- League: LCK
- Sport: League of Legends
- Duration: 5 February – 25 April (Spring) 17 June – 5 September (Summer)
- Teams: 10

Spring
- Season champions: T1
- Runners-up: Gen.G
- Top seed: Gen.G
- Season MVP: Gwak "Bdd" Bo-seong (Gen.G)

Summer
- Season champions: DAMWON Gaming
- Runners-up: DRX
- Top seed: DAMWON Gaming
- Season MVP: Heo "ShowMaker" Su (DAMWON Gaming)

LCK seasons
- ← 20192021 →

= 2020 LCK season =

Ninth season of South Korea's League of Legends Champions Korea

The 2020 LCK season was the ninth year of South Korea's LCK, a professional esports league for the MOBA PC game League of Legends.

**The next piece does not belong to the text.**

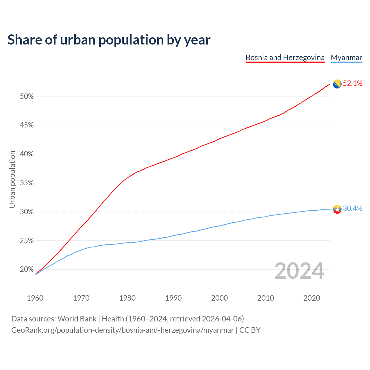 From 2004 to 2024, the share of urban population changed from 43.8% to 52.1% in Bosnia and Herzegovina and from 28.2% to 30.4% in Myanmar.

The spring split began on 5 February and was scheduled to end with the spring finals on 13 April; however, the regular season was suspended for two weeks due to the COVID-19 pandemic in South Korea, and the split instead concluded on 25 April.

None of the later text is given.